Pritam Rohila Travels

Reports of my travels along with some pictures

Jan 17, 2008

2007 Croatia, Split

September 27-October 14, 2007

October 8

Early in the morning, we left Dubrovnik. We proceeded along the beautiful Adriatic coast enjoying picturesque coastal sights.

We passed by many charming fishing villages and sunny coastal resorts. We came across barren mountains along the road, as well as a river delta dotted with orchards and fields.

Our first rest stop was at Neum, Bosnia-Herzegovina. The port of Neum was ceded by Croatia, under the Treaty of Neum, to allow the landlocked Bosnia-Herzegovina access the Adriatic Sea.

Early in the afternoon, we reached Split, Croatia, a UNESCO World Heritage Site.

A view of Split from Salona

Split is Croatia’s largest port. Even during the Venetian rule (1420-1797) it was one of the Adriatic’s main trading ports.

After a brief orientation, we had our lunch at a fast-food pizza outlet. After lunch we were ready for a guided walking tour of Split.

Our first destination was the Emperor Diocletian’s summer palace to which Split owes its origin.

Bust of Diocletian in the medallions of the frieze inside the Cathedral

We entered the palace complex by the Bronze Gate, which faces the sea on the town’s south.

Born in Salona, the capital of the province of Dalmatia, Diocletian ruled the Roman Empire from its capital at Nicomedia, starting in 284. In 303, he banned Christianity. It was followed by execution of numerous Christians, confiscation of their property, and destruction of their churches.

Built in 295, the palace was the emperor’s full-time residence from his abdication in 305, until his death in 316.

In the palace, a spacious central courtyard has been the main public meeting place ever since the Roman times. Currently it is the venue of the Split Summer Festival.

On one side of the courtyard are two flights of stairs which lead up to a platform where the Emperor stood in order to receive the homage of his subjects.

The courtyard is surrounded by arches and Corinthian columns, built with the marble brought from Italy and Greece.

The black granite 1500B.C. sphinx was brought all the way from Egypt, then a part of the Roman Empire.

After his death in 316, Diocletian was buried within the palace walls. Ironically, sometime later, his mausoleum was converted to a Catholic cathedral. It is believed to be the world’s oldest cathedral. The cathedral is dedicated to Salona’s Bishop Dominius, who had been executed by Diocletian. The cathedral’s 200-ft Romanesque-Gothic wedding-cake bell tower was added much later.

Outside the Golden Gate on the town’s north is the statue of Gregory of Nin by Artist Ivan Mastrovich, the Croatian Rodin, who later moved to the USA.

In 615, after Salona’s sacking by barbarian tribes, some of its people found refuge in the Diocletian’s Palace.

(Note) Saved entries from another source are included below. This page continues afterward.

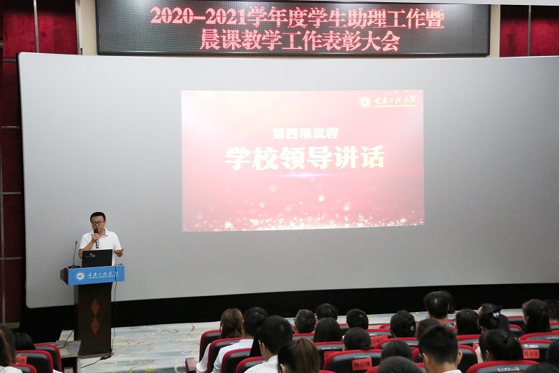 会上学工部部长黄燕、素质教育中心副主任邹春霞分别宣读了《关于表彰2020-2021学年度优秀学生助理、学生助理团队、指导教师和组织单位的决定》《关于表彰2020-2021学年度重工演讲之星、优秀晨课助教、优秀指导教师和晨课组织先进班级的决定》,并对所有的获奖同学、老师、组织单位表示祝贺。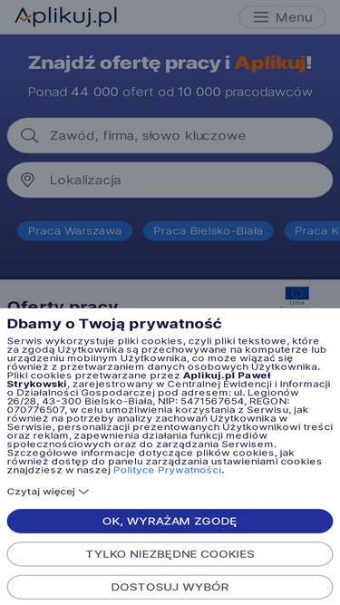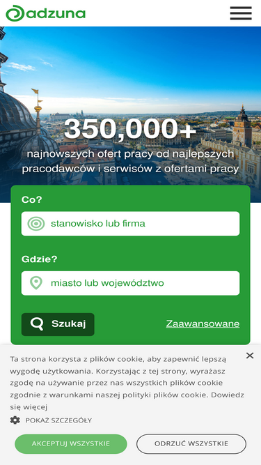 58%Adzuna to wyszukiwarka internetowa, która zbiera setki tysięcy ofert pracy z różnych stron www i udostępnia je w jednym miejscu. Odkryj oferty pracy w Twojej okolicy i całej Polsce już teraz!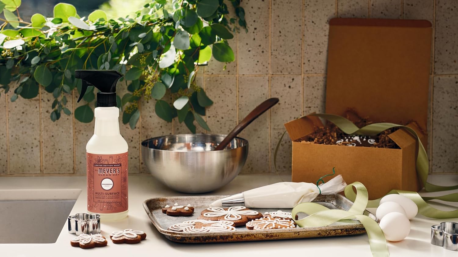 Here at Mrs. Meyer’s we’re so excited! And the reason why is that we’ve come up with a lovely new limited edition scent for the special season. It’s called Gingerbead, and it’s available in our Mrs. Meyer’s Clean Day Multi-Surface Everyday Cleaner. That means that while you’re getting the job done, you can enjoy this delightful new scent. Fresh out of the oven Gingerbread. Warming nutmeg and spiced cinnamon bring back cozy kitchen memories. Plus, sweet brown sugar, the icing on top!. We’ve combined this seasonal Gingerbread scent with essential oils and plant-derived multi purpose cleaning ingredients to clean messes in the kitchen and all over the house. This stainless steel cleaner, glass stove top cleaner and bathroom cleaner is also great for all non-porous surfaces, such as finished wood and tile floors, countertops, walls, porcelain, bathroom fixtures, sealed natural and synthetic stone, and more. Make sure to make it a part of your everyday cleaning supplies. It’s made with thoughtfully chosen ingredients. And our formulas are cruelty-free and never tested on our animal friends. This limited edition Gingerbread seasonal scent is also available in other pleasant products you’re sure to enjoy, such as Liquid Hand Soap, Dish Soap and Soy Candles. So go ahead, share the excitement. Make the most of this special time of year and bring the coziness of the Gingerbread scent into your home. Mrs. Meyers – Rooted in Goodness.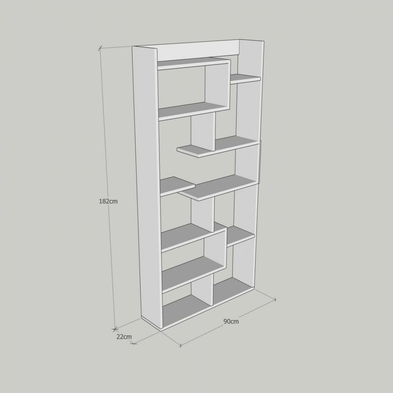 MELAMINE BOOKCASE IN WHITE HM8865.01 90x22x182cm.
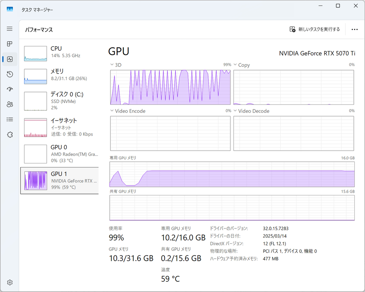 こちらのスコアも優秀で、前世代のGeForce RTX 4080を余裕で下し、RTX 5080に迫る結果となっている。GeForce RTX 5070 TiはVRAM 16GBなのもあり、AI用途にも安心して使える。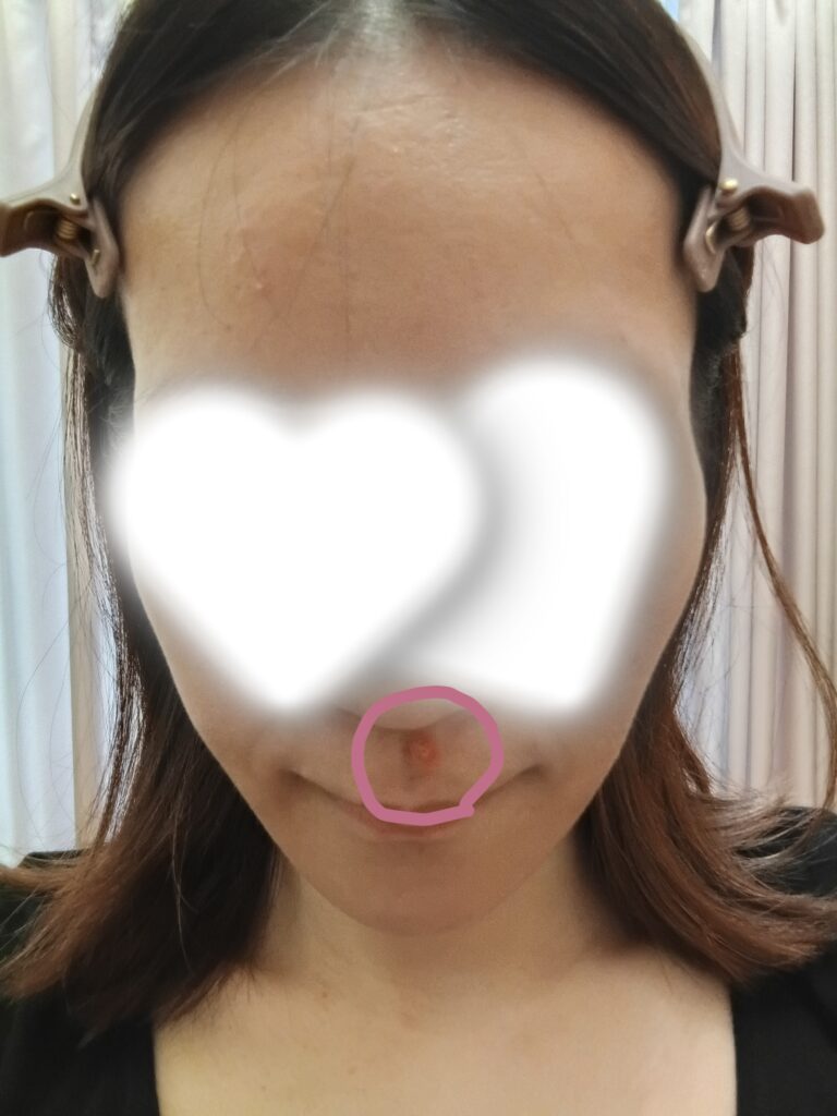 今回、爆弾級に発生した鼻の下の吹き出物が、こちら⚡️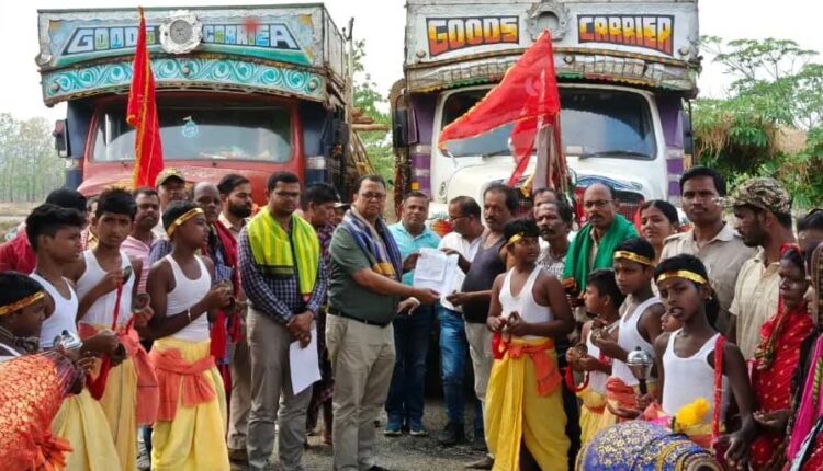 ଭଞ୍ଜନଗର,୨୩/୩ : ରଥ ନିର୍ମାଣ ସକାଶେ ଜଗନ୍ନାଥ, ବଳଭଦ୍ର ଓ ସୁଭଦ୍ରାଙ୍କ ନିମନ୍ତେ ଆଜି ଉତ୍ତର ଘୁମୁସର ବନଖଣ୍ଡର ତାରସିଂ ବନାଞ୍ଚଳର ଆମ୍ବଝରା ଜଙ୍ଗଲରୁ କାଠ ସଂଗ୍ରହ କରି ୨ଟି ଟ୍ରକରେ କାଠ ପୁରୀ ପଠାଯାଇଛି।

Even now people live and work in the various palace structures. Gradually the settlement expanded beyond the Palace walls and grew into a large urban center.

Split’s narrow streets and public squares are lined with homes, shops and public buildings.

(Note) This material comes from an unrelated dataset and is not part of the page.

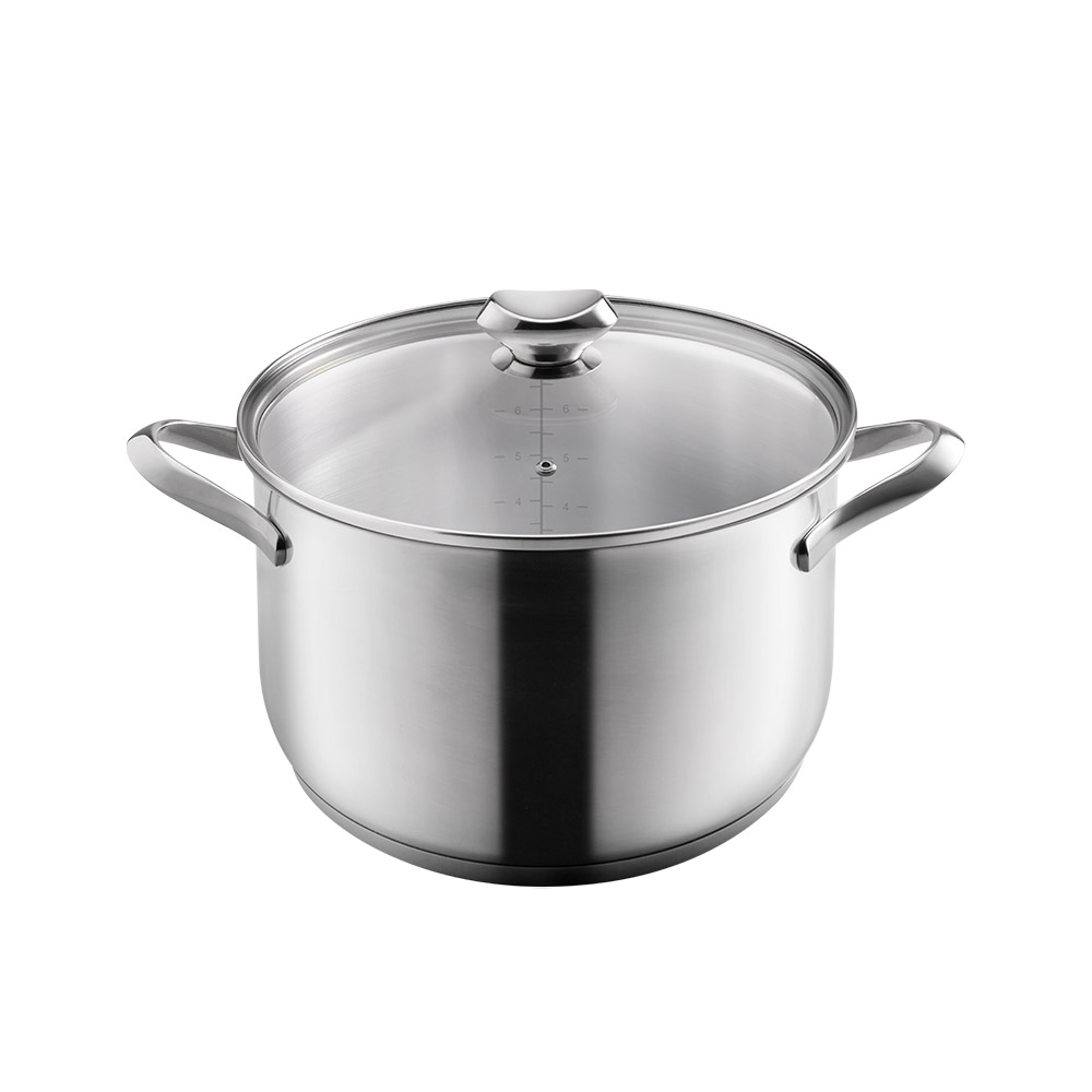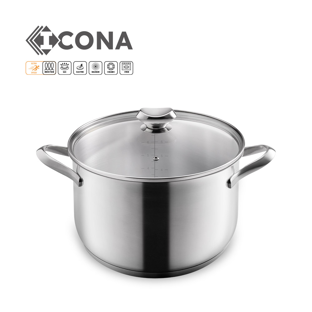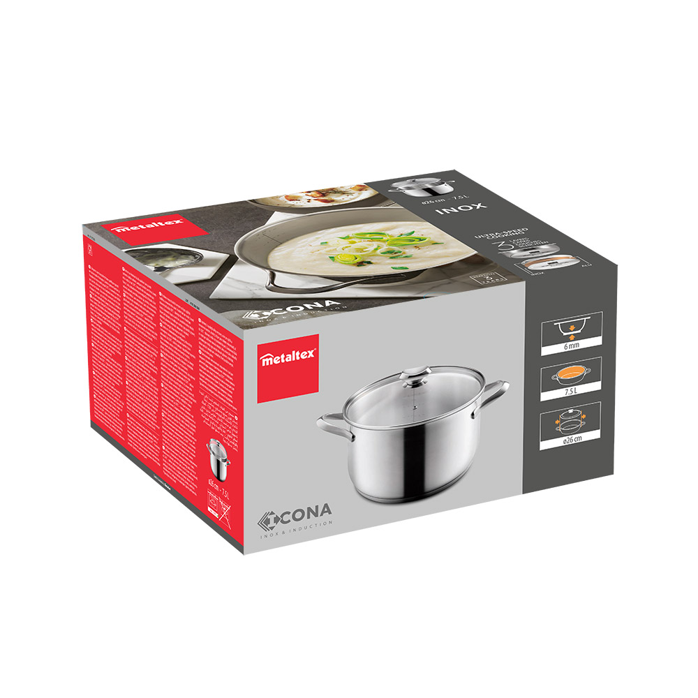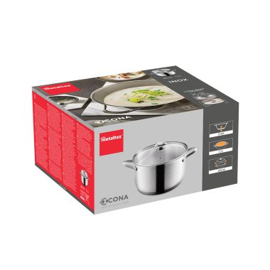 Capacidad: 7,5 L Fondo de 3 capas (acero inox/aluminio/acero inox) ultra-speed full induction de 6 mm de espesor adecuada para todo tipo de cocinas Tapadera de vidrio templado con orificio para salida de vapor y con aro y pomo de acero inoxidable Cuerpo con escala graduada interna para facilitar la medición de líquidos Packaging: caja

In one square stands the statue of Marko Maurulic (1450-15240, the Father of Croatian Language. One of his poems is carved on its pedestal.

The Palace overlooks the waterfront promenade. The palm-lined promenade has many restaurants and cafes.

Some buildings on the western end of the promenade are splendid testimonials to the Venetian influence.

On the eastern end of the promenade is the Green Market.

The saga of lost purse

In hurry, this morning, Kundan left her purse in the restroom our hotel at Dubrovnik. The purse contained keys to our suitcases, as well as her credit cards, driver’s license, and some cash.

A few miles on the way, as soon as she realized what she had done, we informed our Tour Director. But he ignored us.

At our first stop, at Neum in Bosnia-Herzegovina, we asked him, if we could borrow his cell phone to call the hotel. He got irritated and demanded 9 Euros before he could allow us to use his cell phone. We gave him the money, and called the hotel.

The hotel manager told us that they had Kundan’s purse in their office. If we fax him the exact address, he offered to send it to us there.

As soon as we reached out hotel at Split, we talked to Ani Relja, the reception clerk. She was very courteous and faxed the address of our hotel at Zagreb to the hotel at Dubrovnik, and phoned the Zagreb hotel to hold the parcel for us, until we get there two day later. She refused to accept our offer to pay for her expenses. Instead she gifted us a bottle of brandy.

Later, at our request Ani Relja sent one hotel employee to help us break open locks on our suitcases. He t$runed down our offer of a tip.

Kundan and were touched by their kindness. I wrote a nice note of appreciation about them to the hotel management.